* [DATASET RECORDS]:

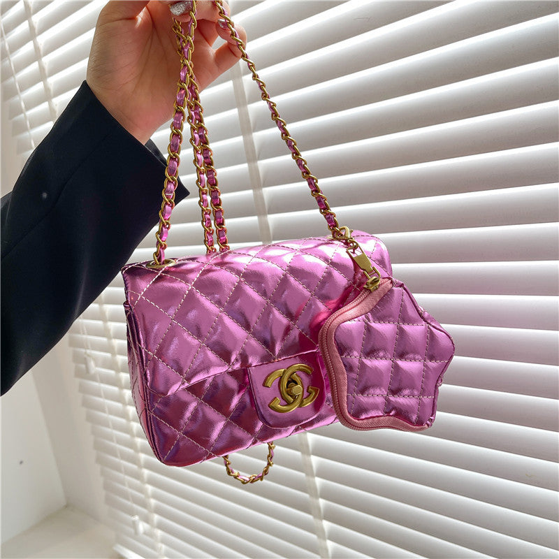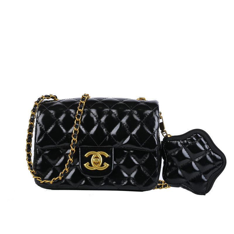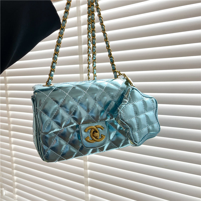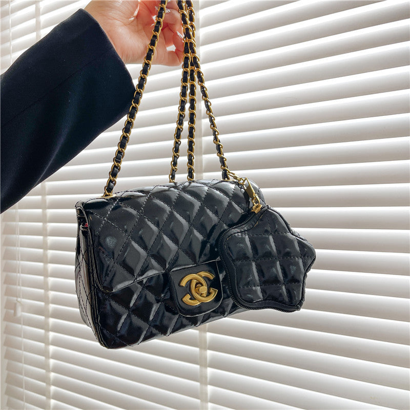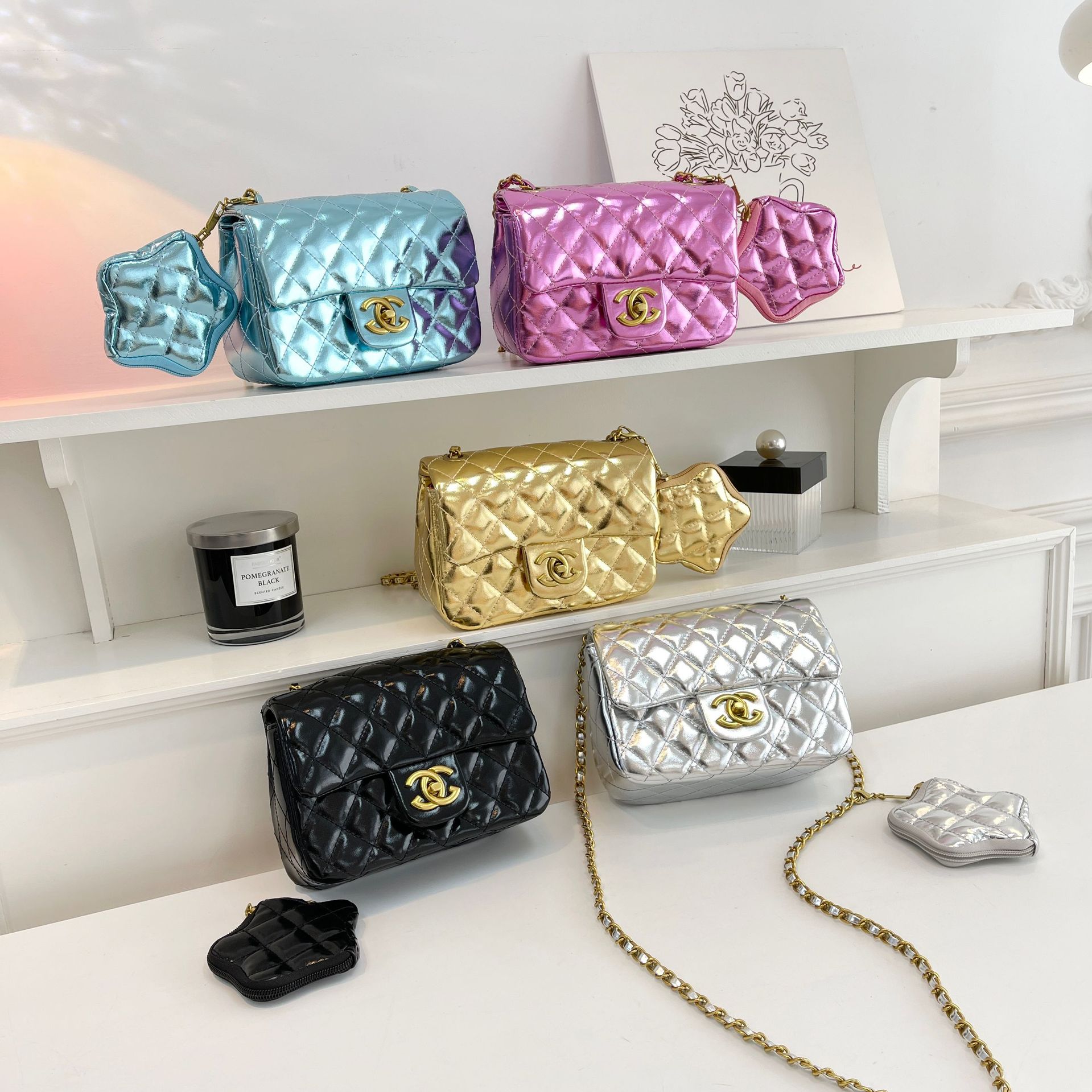 Chanel style new diamond chain patent leather star bag bright color fashionable crossbody bag
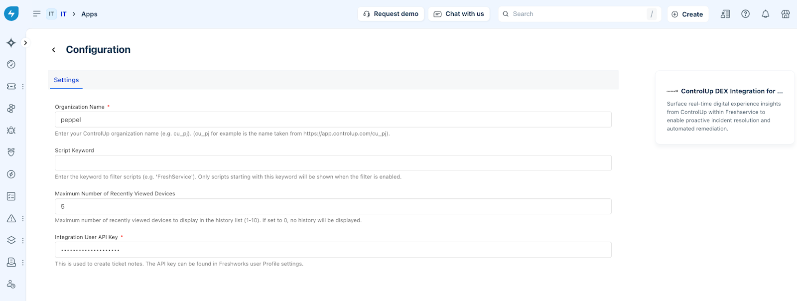 On the Configuration page, enter the ControlUp organization name in the Organization Name field and Freshservice API key in the Integration User API Key field.
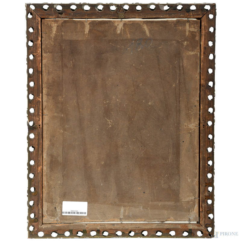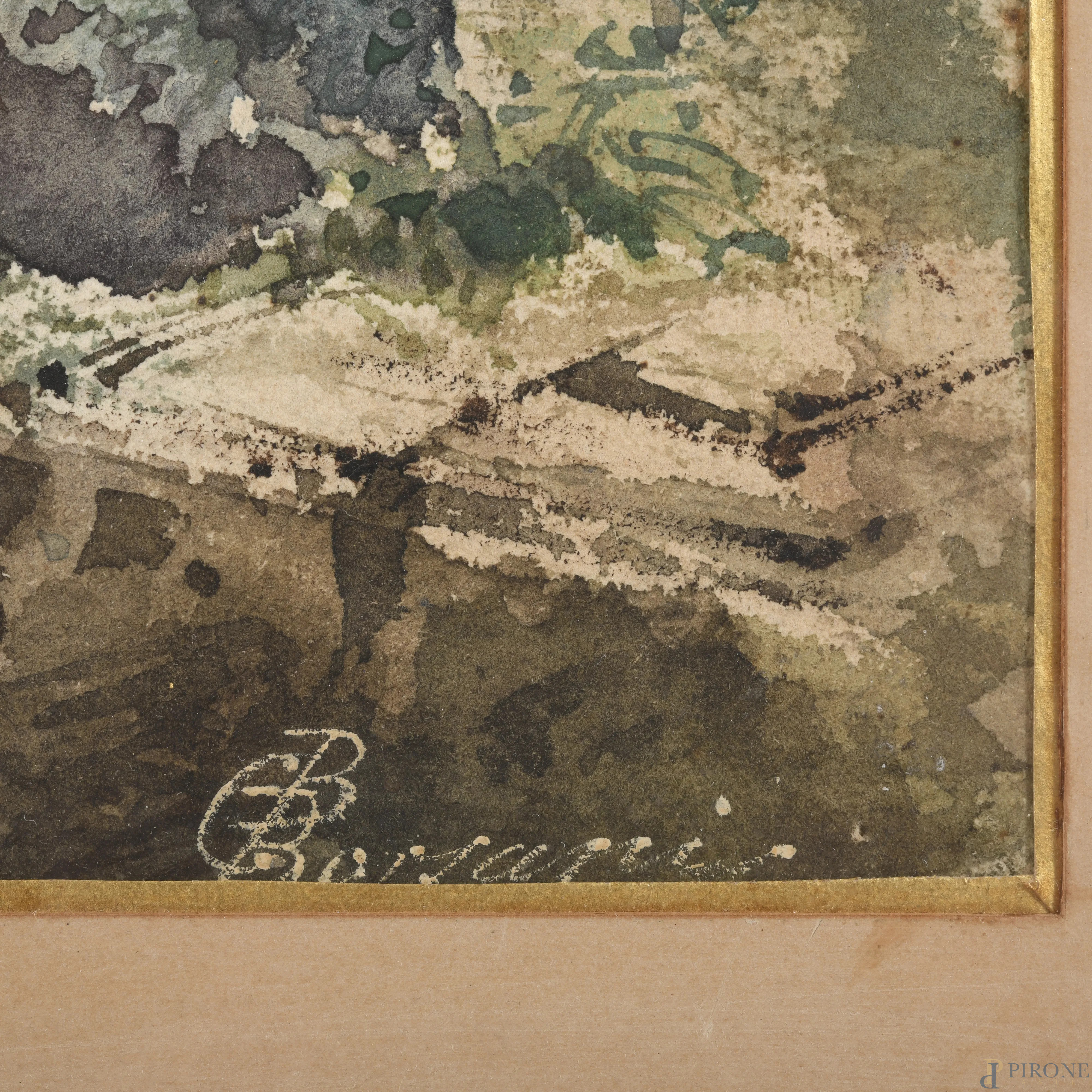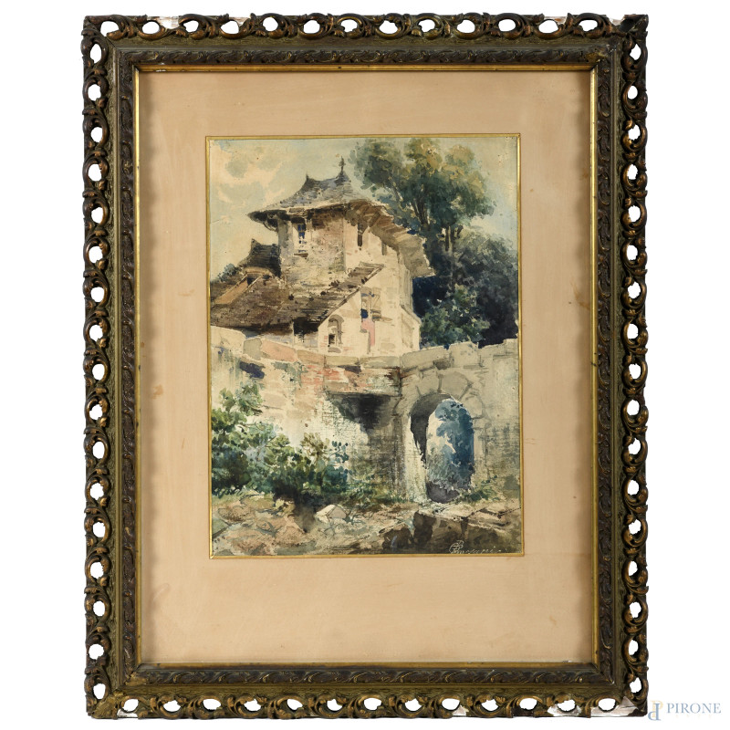 Scorcio di paese, XX secolo, acquerello su carta, cm 45,5x34 compreso passepartout, firmato in basso a destra, entro cornice,(ondulazioni della carta, tracce di umidità, piccoli fori)
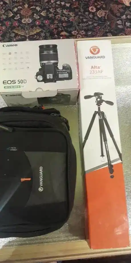 دوربین کانن اصل ژاپن مدل Eos 50D ( زیر ۳۰۰۰ شات در حد نو ) لنز اصل ژاپن حرفه ای مدل 18_200 کیف مخصوص دوربین و لب تاپ ضد ضربه و ضد آب مارک ونگارد سوئیس پایه دوربین حرفه ای ؛ چرخش ۳۶۰ درجه ؛ با تراز مارک ونگارد سوئیس
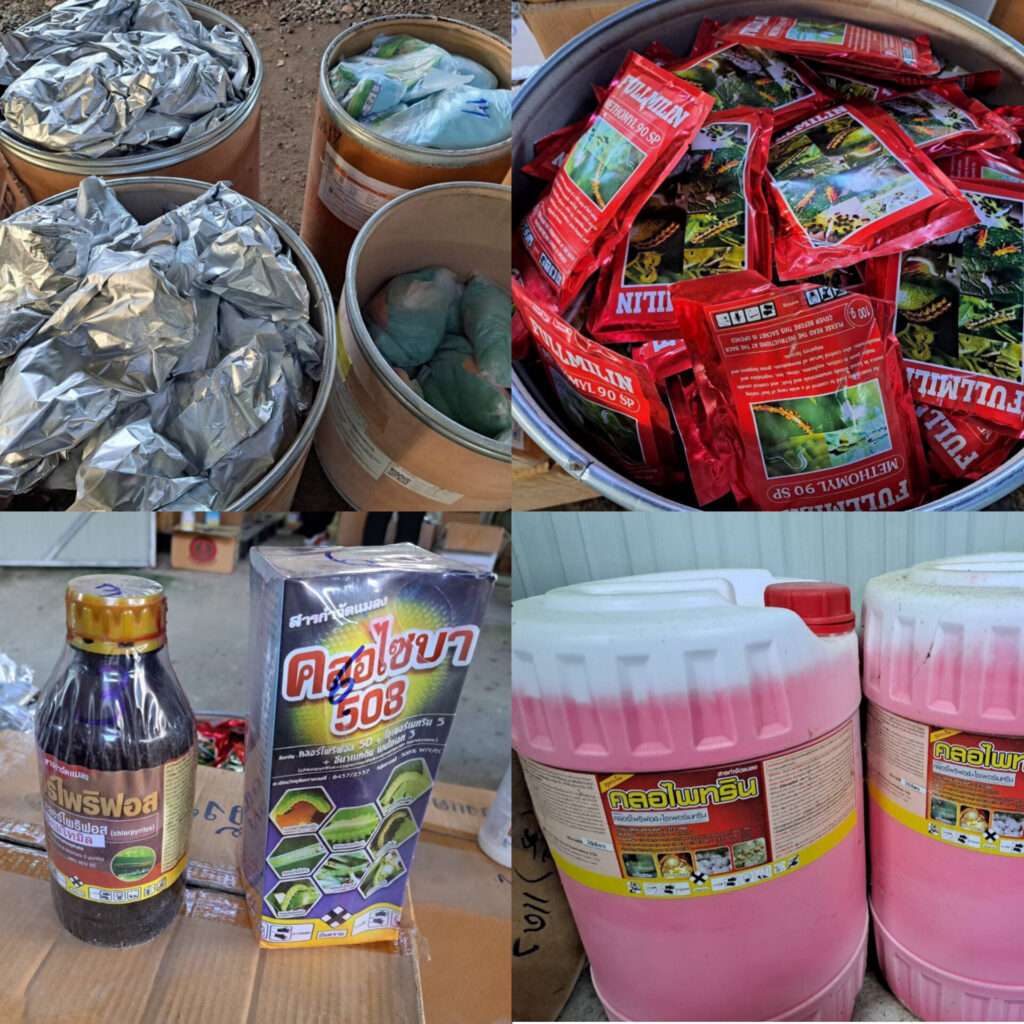 เจ้าหน้าที่พบสารเคมีการเกษตรปลอมจำนวน 24 รายการ มูลค่ารวมกว่า 1 ล้านบาท แบ่งเป็น 3 กลุ่มหลัก ได้แก่กลุ่มสารกำจัดวัชพืช, ไกลโฟเซต ไอโซโพรพิลแอมโมเนียม, กรูโฟซิเนต–แอมโมเนียม, กลุ่มสารกำจัดแมลง, ไซเพอร์เมทริน, อีมาเมคติน เบนโซเอท, แลมป์ 20 EC, โพรฟิโนฟอส และ ไดเมโทเอต
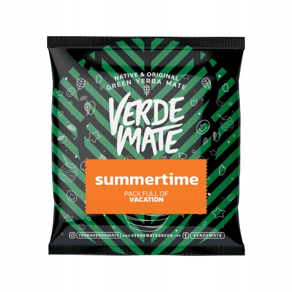 Verde Mate Green Summertime ☀ Це обмежена смакова варіація знаменитої бразилії з штату Парана. Він буде доступний лише влітку, тому не варто затягувати покупку! Особливо, що ми маємо справу з дійсно цікавою композицією під час свят. Як і у багатьох інших зелених сумішей Verde Mate, і цього разу ми маємо справу з дуже багатим злиттям природних інгредієнтів. Цитрузи виходять на перший план у вигляді помаранчевої шкірки та мандаринової олії . Вони доповнюються щетиною м’яти і акуратно прямими пластівців календули . Весь гармонійно поєднується з зеленим бразильським партнером Єрба, створюючи композицію з відмінним смаком та високим вмістом кофеїну.
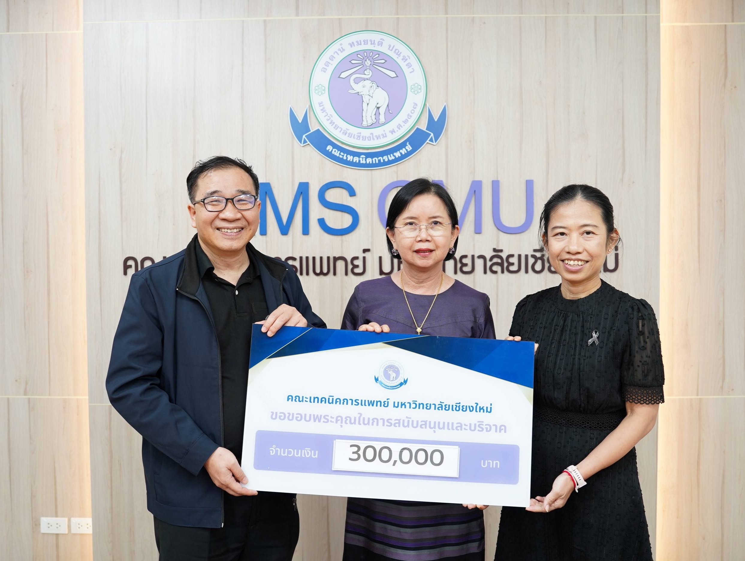 สมาคมศิษย์เก่าคณะเทคนิคการแพทย์ มหาวิทยาลัยเชียงใหม่ นำโดย ผู้ช่วยศาสตราจารย์ ดร.วาสนา ศิริรังษี นายกสมาคมฯ มอบเงินจำนวน 300,000 บาท เพื่อสมทบทุนโครงการปรับปรุงห้องประชุมและห้องบรรยายของคณะเทคนิคการแพทย์ มหาวิทยาลัยเชียงใหม่ โดยมี ศาสตราจารย์ (เชี่ยวชาญพิเศษ) ดร.สาคร พรประเสริฐ คณบดี และ ผู้ช่วยศาสตราจารย์ ดร.เพ็ญนภา คลังสินศิริกุล รองคณบดี คณะเทคนิคการแพทย์ มหาวิทยาลัยเชียงใหม่ เป็นผู้รับมอบ ณ ห้องประชุมชั้น 1 อาคาร 2 คณะเทคนิคการแพทย์ มหาวิทยาลัยเชียงใหม่ เมื่อวันพุธที่ 11 กุมภาพันธ์ 2569

* [WHAT YOU ARE ASKED TO DO]: Word for word, reproduce all the data, but not the pictures.

* [EXERCISE SOLUTION]:
 Chanel style new diamond chain patent leather star bag bright color fashionable crossbody bag
 On the Configuration page, enter the ControlUp organization name in the Organization Name field and Freshservice API key in the Integration User API Key field.
 Scorcio di paese, XX secolo, acquerello su carta, cm 45,5x34 compreso passepartout, firmato in basso a destra, entro cornice,(ondulazioni della carta, tracce di umidità, piccoli fori)
 دوربین کانن اصل ژاپن مدل Eos 50D ( زیر ۳۰۰۰ شات در حد نو ) لنز اصل ژاپن حرفه ای مدل 18_200 کیف مخصوص دوربین و لب تاپ ضد ضربه و ضد آب مارک ونگارد سوئیس پایه دوربین حرفه ای ؛ چرخش ۳۶۰ درجه ؛ با تراز مارک ونگارد سوئیس
 เจ้าหน้าที่พบสารเคมีการเกษตรปลอมจำนวน 24 รายการ มูลค่ารวมกว่า 1 ล้านบาท แบ่งเป็น 3 กลุ่มหลัก ได้แก่กลุ่มสารกำจัดวัชพืช, ไกลโฟเซต ไอโซโพรพิลแอมโมเนียม, กรูโฟซิเนต–แอมโมเนียม, กลุ่มสารกำจัดแมลง, ไซเพอร์เมทริน, อีมาเมคติน เบนโซเอท, แลมป์ 20 EC, โพรฟิโนฟอส และ ไดเมโทเอต
 Verde Mate Green Summertime ☀ Це обмежена смакова варіація знаменитої бразилії з штату Парана. Він буде доступний лише влітку, тому не варто затягувати покупку! Особливо, що ми маємо справу з дійсно цікавою композицією під час свят. Як і у багатьох інших зелених сумішей Verde Mate, і цього разу ми маємо справу з дуже багатим злиттям природних інгредієнтів. Цитрузи виходять на перший план у вигляді помаранчевої шкірки та мандаринової олії . Вони доповнюються щетиною м’яти і акуратно прямими пластівців календули . Весь гармонійно поєднується з зеленим бразильським партнером Єрба, створюючи композицію з відмінним смаком та високим вмістом кофеїну.
 สมาคมศิษย์เก่าคณะเทคนิคการแพทย์ มหาวิทยาลัยเชียงใหม่ นำโดย ผู้ช่วยศาสตราจารย์ ดร.วาสนา ศิริรังษี นายกสมาคมฯ มอบเงินจำนวน 300,000 บาท เพื่อสมทบทุนโครงการปรับปรุงห้องประชุมและห้องบรรยายของคณะเทคนิคการแพทย์ มหาวิทยาลัยเชียงใหม่ โดยมี ศาสตราจารย์ (เชี่ยวชาญพิเศษ) ดร.สาคร พรประเสริฐ คณบดี และ ผู้ช่วยศาสตราจารย์ ดร.เพ็ญนภา คลังสินศิริกุล รองคณบดี คณะเทคนิคการแพทย์ มหาวิทยาลัยเชียงใหม่ เป็นผู้รับมอบ ณ ห้องประชุมชั้น 1 อาคาร 2 คณะเทคนิคการแพทย์ มหาวิทยาลัยเชียงใหม่ เมื่อวันพุธที่ 11 กุมภาพันธ์ 2569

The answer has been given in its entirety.